What to do →
Print the data once more, exactly as given. Drop the pictures.

Data shown →
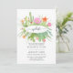 Suculenta ilustração botânica adiou o anúncio de casamento com uma grande variedade de plantas de cacto, incluindo saguaro gigante, bola, cowboy, rabo vermelho, euforia ingens, ouvidos coelhos (bolinhas), escova de cabelo, pera picante e cacto artesanal.
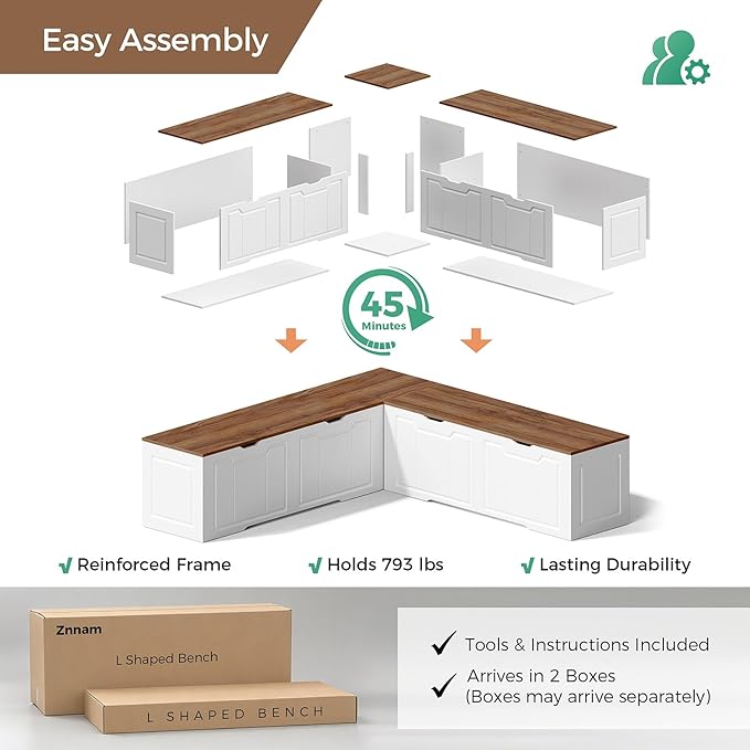 - Space-Saving Corner Bench with Built-In Storage: This 63" L-shaped bench is specifically designed to transform awkward, unused corners into functional and stylish spaces. Perfect for small kitchens, cozy breakfast nooks, or cramped entryways, it delivers built-in seating without eating up your precious floor space. Maximize every inch of your home!
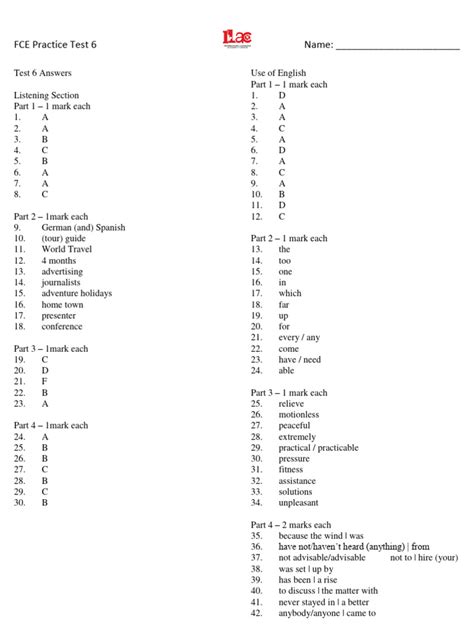 fce test 6 answer key
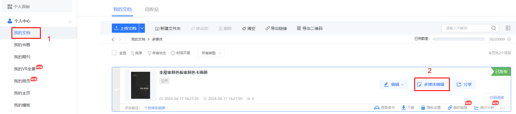 (1)在【我的文檔】/【文檔】中找到需要應(yīng)用模板的書,點擊【多媒體編輯】/【內(nèi)容編輯】
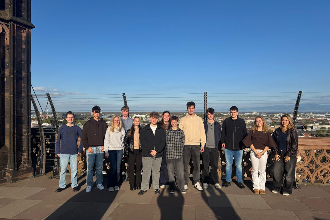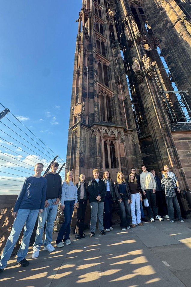 Zu den Hauptprogrammpunkten gehörten beispielsweise eine Schnitzeljagd durch das Europaviertel inklusive eines Besuches im beeindruckenden Europaparlament. Bei vergessenem Ausweis gestaltete sich der Einlass auch als Schülergruppe als durchaus schwierig und so musste auch schon mal der Organspendeausweis gezückt werden als letztes Mittel zur Identifikation. An einem anderen Tag wurden die 322 Stufen zur Aussichtsplattform des Straßburger Münsters erklommen, um bei schönem Wetter eine tolle Aussicht über die Innenstadt zu genießen. Ein authentischer Schulbesuch am Collège Notre-Dame de Sion war ebenfalls drin und unsere Schülerinnen und Schülern konnten den französischen Schulalltag einmal live miterleben. In der Schulkantine mittags gab es dann Würstchen und Sauerkraut für alle – Zufall, so sagte man uns. Weitere Programmpunkte waren eine Bootsrundfahrt durch die Kanäle der Innenstadt, eine Promenade im malerischen alten Gerberviertel „La Petite France“ sowie Museumsbesuche im historischen Museum und im Museum für moderne Kunst.
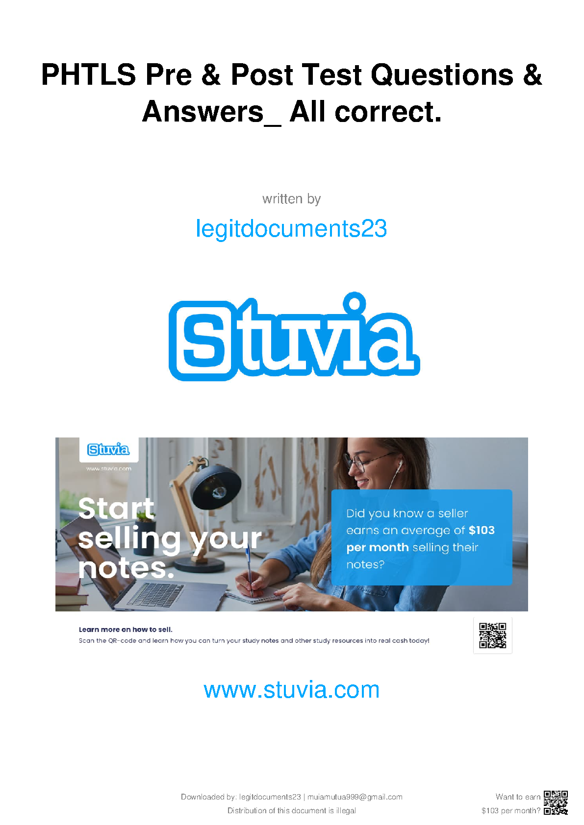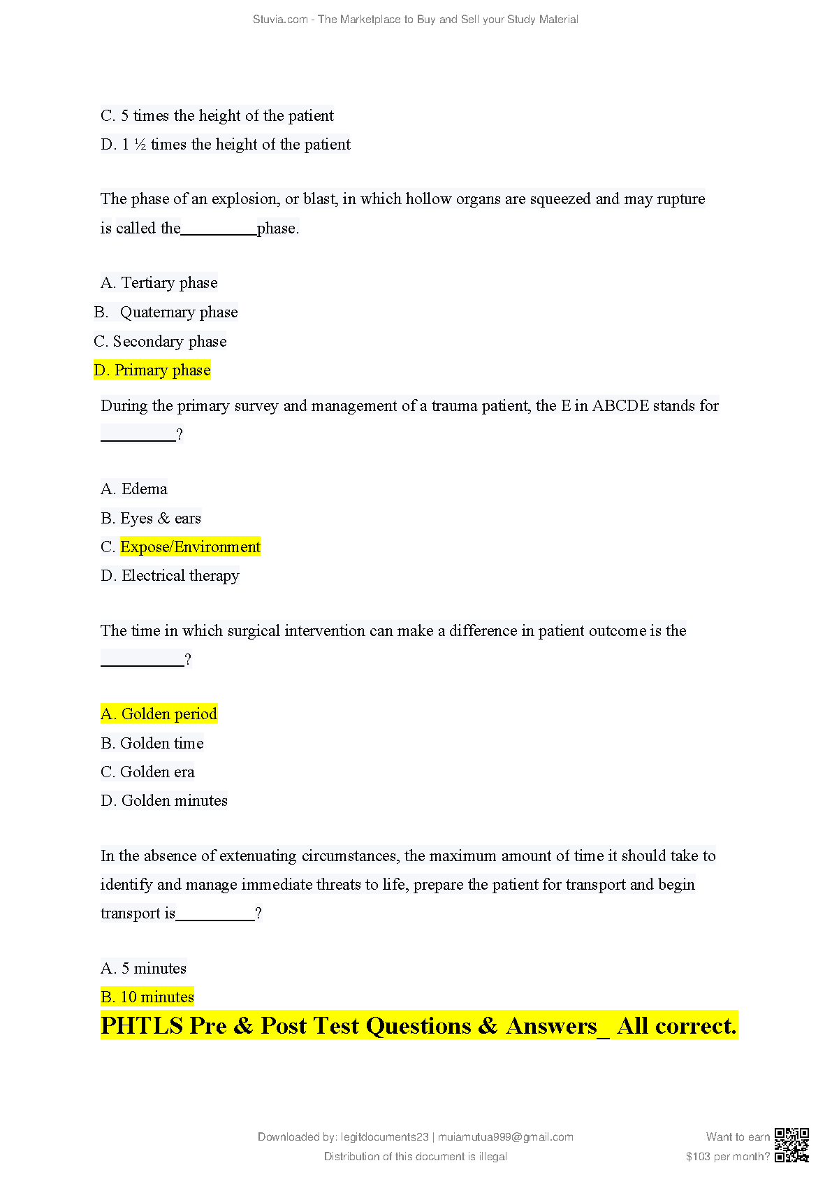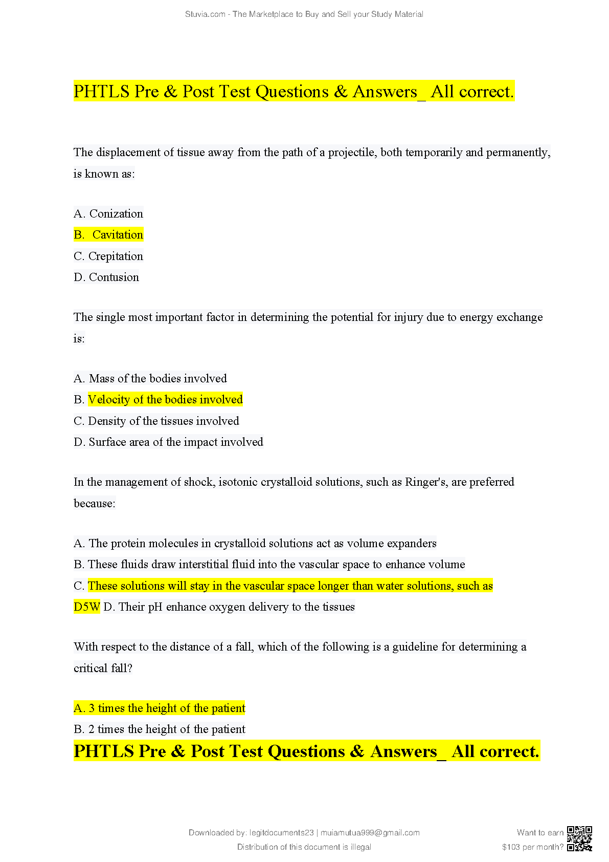 PHTLS Pre & Post Test Questions & Answers - All correct. 7th Edition - by American College of Surgeons, Committee on Trauma.
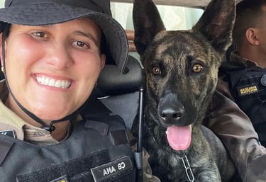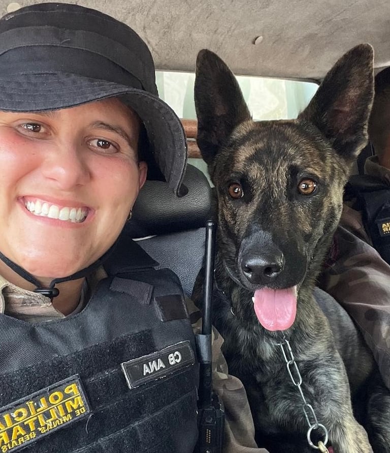 A Adestradora Ana Gabrielle atua na Polícia Militar desde 2009 e dedicou mais de sete anos à unidade de Rondas Ostensivas com Cães (ROCCA) da Polícia Militar de Minas Gerais. Lá, foi forjada em um ambiente onde precisão, disciplina e confiança absoluta entre homem e cão não eram apenas valores — eram requisitos diários para salvar vidas.
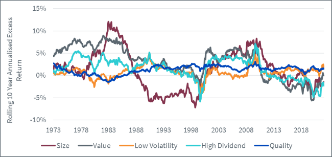 Abbildung 2: Rollierende annualisierte 10-Jahres-Performance von US-Faktoren gegenüber US-Aktien als Ganzes
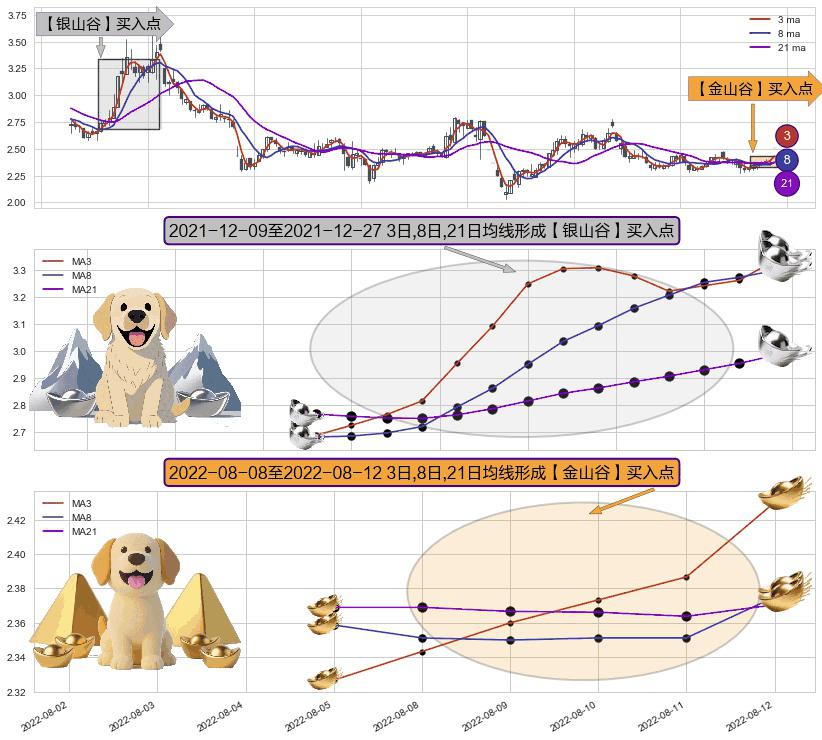 ⚀ 2022-08-09-日至2022-08-12-日显现 3日-8日-21日均线 【金山谷】买入点 其再次确认了买入信号,可靠性更强,买入
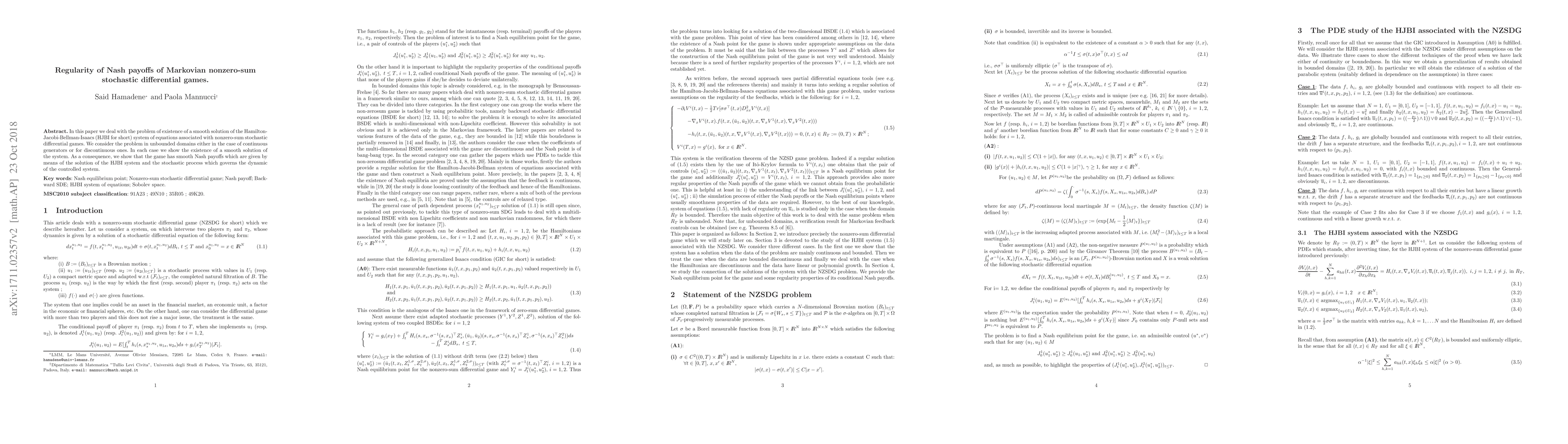 In this paper we deal with the problem of existence of a smooth solution of the Hamilton-Jacobi-Bellman-Isaacs (HJBI for short) system of equations associated with nonzero-sum stochastic differential games. We consider the problem in unbounded domains either in the case of continuous generators or for discontinuous ones. In each case we show the existence of a smooth solution of the system. As a consequence, we show that the game has smooth Nash payoffs which are given by means of the solution of the HJBI system and the stochastic process which governs the dynamic of the controlled system.
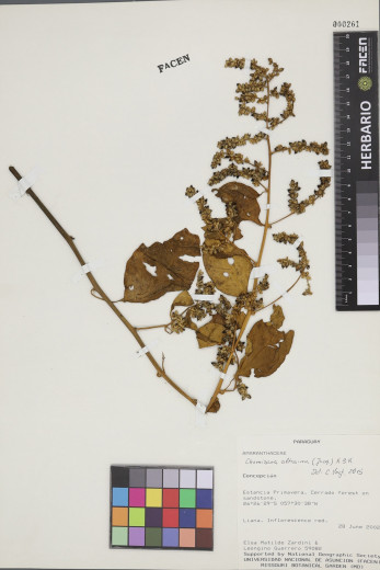 | 261 | Amaranthaceae | Chamissoa | altissima | (Jacq.) Kunth | Elsa Matilde Zardini & Leongino Guerrero | 59082 | Paraguay | Concepcion |
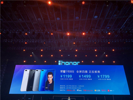 全新發布的榮耀9青春版包含3個版本,其中3GB+32GB標配版1199元,4GB+32GB高配版1499元,4GB+64GB尊享版1799元。2017年12月21日-12月25日在華為商城、京東、天貓榮耀官方旗艦店、蘇寧易購、唯品會、國美開啓預約,12月26日10:08於以上平台正式發售,青春AI拍,歡聚榮耀”12月26日,榮耀9青春版同步在天貓歡聚日首發。
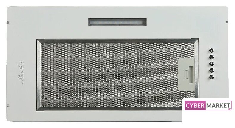 конструкция скрытая, монтаж для встраивания, ширина 52 см, управление механическое/кнопочное, производительность мотора 600 м³/ч, цвет черный
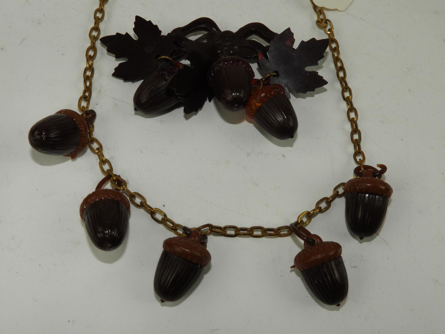 1930's celluloid acorn necklace and brooch.
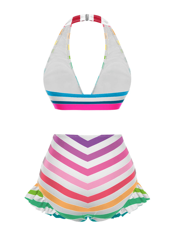 2PCS 1940er Halter Textur Solide Bikini Set & Cover-Up
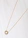 This thin necklace features an open circle charm with accent etching. Made with brass and gold dipped.
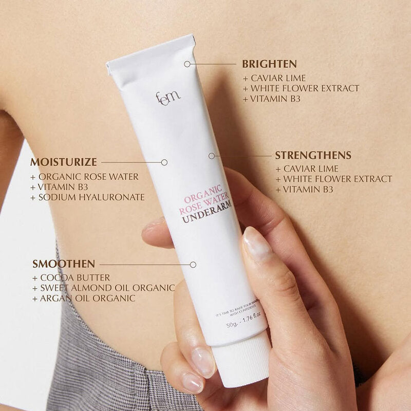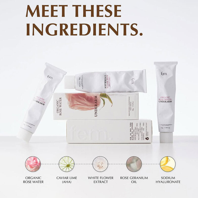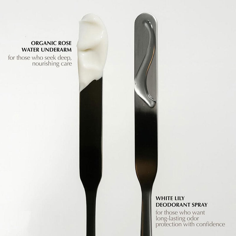 Underarm skin care cream with a light texture, easily absorbed, enriched with Organic Rose Water and natural extracts, helps to keep skin soft and moisturized. Gently exfoliates skin cells Reduces dullness, reveals naturally radiant skin, and deeply nourishes with vitamins and organic oils. It also has a gentle scent from lavender and rose geranium extracts, leaving underarm skin looking smooth and refreshed all day long.

Written solution →
 Suculenta ilustração botânica adiou o anúncio de casamento com uma grande variedade de plantas de cacto, incluindo saguaro gigante, bola, cowboy, rabo vermelho, euforia ingens, ouvidos coelhos (bolinhas), escova de cabelo, pera picante e cacto artesanal.
 - Space-Saving Corner Bench with Built-In Storage: This 63" L-shaped bench is specifically designed to transform awkward, unused corners into functional and stylish spaces. Perfect for small kitchens, cozy breakfast nooks, or cramped entryways, it delivers built-in seating without eating up your precious floor space. Maximize every inch of your home!
 fce test 6 answer key
 (1)在【我的文檔】/【文檔】中找到需要應(yīng)用模板的書,點擊【多媒體編輯】/【內(nèi)容編輯】
 Zu den Hauptprogrammpunkten gehörten beispielsweise eine Schnitzeljagd durch das Europaviertel inklusive eines Besuches im beeindruckenden Europaparlament. Bei vergessenem Ausweis gestaltete sich der Einlass auch als Schülergruppe als durchaus schwierig und so musste auch schon mal der Organspendeausweis gezückt werden als letztes Mittel zur Identifikation. An einem anderen Tag wurden die 322 Stufen zur Aussichtsplattform des Straßburger Münsters erklommen, um bei schönem Wetter eine tolle Aussicht über die Innenstadt zu genießen. Ein authentischer Schulbesuch am Collège Notre-Dame de Sion war ebenfalls drin und unsere Schülerinnen und Schülern konnten den französischen Schulalltag einmal live miterleben. In der Schulkantine mittags gab es dann Würstchen und Sauerkraut für alle – Zufall, so sagte man uns. Weitere Programmpunkte waren eine Bootsrundfahrt durch die Kanäle der Innenstadt, eine Promenade im malerischen alten Gerberviertel „La Petite France“ sowie Museumsbesuche im historischen Museum und im Museum für moderne Kunst.
 PHTLS Pre & Post Test Questions & Answers - All correct. 7th Edition - by American College of Surgeons, Committee on Trauma.
 A Adestradora Ana Gabrielle atua na Polícia Militar desde 2009 e dedicou mais de sete anos à unidade de Rondas Ostensivas com Cães (ROCCA) da Polícia Militar de Minas Gerais. Lá, foi forjada em um ambiente onde precisão, disciplina e confiança absoluta entre homem e cão não eram apenas valores — eram requisitos diários para salvar vidas.
 Abbildung 2: Rollierende annualisierte 10-Jahres-Performance von US-Faktoren gegenüber US-Aktien als Ganzes
 ⚀ 2022-08-09-日至2022-08-12-日显现 3日-8日-21日均线 【金山谷】买入点 其再次确认了买入信号,可靠性更强,买入
 In this paper we deal with the problem of existence of a smooth solution of the Hamilton-Jacobi-Bellman-Isaacs (HJBI for short) system of equations associated with nonzero-sum stochastic differential games. We consider the problem in unbounded domains either in the case of continuous generators or for discontinuous ones. In each case we show the existence of a smooth solution of the system. As a consequence, we show that the game has smooth Nash payoffs which are given by means of the solution of the HJBI system and the stochastic process which governs the dynamic of the controlled system.
 | 261 | Amaranthaceae | Chamissoa | altissima | (Jacq.) Kunth | Elsa Matilde Zardini & Leongino Guerrero | 59082 | Paraguay | Concepcion |
 全新發布的榮耀9青春版包含3個版本,其中3GB+32GB標配版1199元,4GB+32GB高配版1499元,4GB+64GB尊享版1799元。2017年12月21日-12月25日在華為商城、京東、天貓榮耀官方旗艦店、蘇寧易購、唯品會、國美開啓預約,12月26日10:08於以上平台正式發售,青春AI拍,歡聚榮耀”12月26日,榮耀9青春版同步在天貓歡聚日首發。
 конструкция скрытая, монтаж для встраивания, ширина 52 см, управление механическое/кнопочное, производительность мотора 600 м³/ч, цвет черный
 1930's celluloid acorn necklace and brooch.
 2PCS 1940er Halter Textur Solide Bikini Set & Cover-Up
 This thin necklace features an open circle charm with accent etching. Made with brass and gold dipped.
 Underarm skin care cream with a light texture, easily absorbed, enriched with Organic Rose Water and natural extracts, helps to keep skin soft and moisturized. Gently exfoliates skin cells Reduces dullness, reveals naturally radiant skin, and deeply nourishes with vitamins and organic oils. It also has a gentle scent from lavender and rose geranium extracts, leaving underarm skin looking smooth and refreshed all day long.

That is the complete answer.